By performing an obstetric ultrasound at a gestational age of 10–14 weeks, monochorionic-diamniotic twins are discerned from dichorionic twins. The presence of a "T-sign" at the inter-twin membrane-placental junction is indicative of monochorionic-diamniotic twins (that is, the junction between the inter-twin membrane and the external rim forms a right angle), whereas dichorionic twins present with a "lambda (λ) sign" (that is, the chorion forms a wedge-shaped protrusion into the inter-twin space, creating a rather curved junction). The "lambda sign" is also called the "twin peak sign". At ultrasound at a gestational age of 16–20 weeks, the "lambda sign" is indicative of dichorionicity but its absence does not exclude it.

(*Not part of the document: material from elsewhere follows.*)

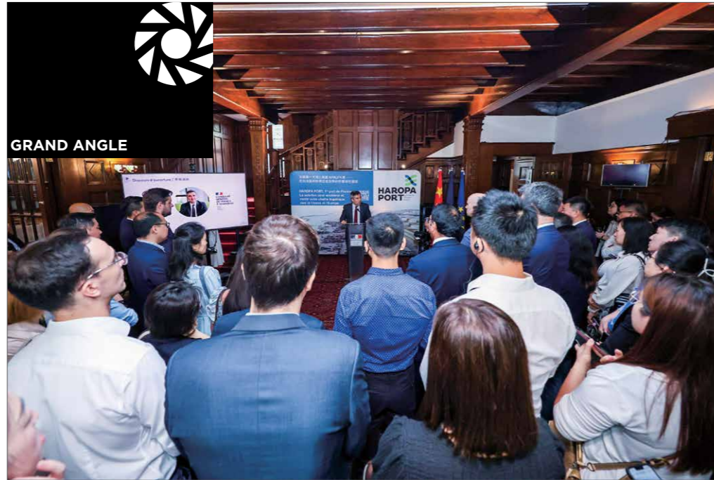
L'évènement de promotion HAROPA qui s'est tenu à la résidence de France à Shanghai (villa Basset) le 28 juin 2024 HAROPA推广活动于2024年6月28日在法国驻上海总领事官邸巴赛别墅(Villa Basset)举行

Directeur de la zone Chine Business France

In contrast, the placentas may be overlapping for dichorionic twins, making it hard to distinguish them, making it difficult to discern mono- or dichorionic twins on solely the appearance of the placentas on ultrasound.

==Complications==
In addition to a shared placenta, monochorionic twins also have their circulatory systems intermingled in random and unpredictable circulatory anastomoses. This can cause disproportionate blood supply, resulting in twin-to-twin transfusion syndrome (TTTS) in 20% of MoDi pregnancies. This is the main complication of monochorionic twins.

The 80% of MoDi pregnancies without TTTS still have high rates of birth weight discordance, fetal growth restriction, prematurity and resultant cesarean section deliveries. One twin may also fail to develop a proper heart and become dependent on the pumping activity of the other twin's heart, resulting in twin reversed arterial perfusion. If one twin dies in utero, blood accumulates in that twin's body, causing exsanguination of the remaining twin.

In the case of monoamniotic twins the risk of complications is substantially higher because of additional potential umbilical cord entanglement and compression. However, the perinatal mortality of monochorionic diamniotic twins is fairly low.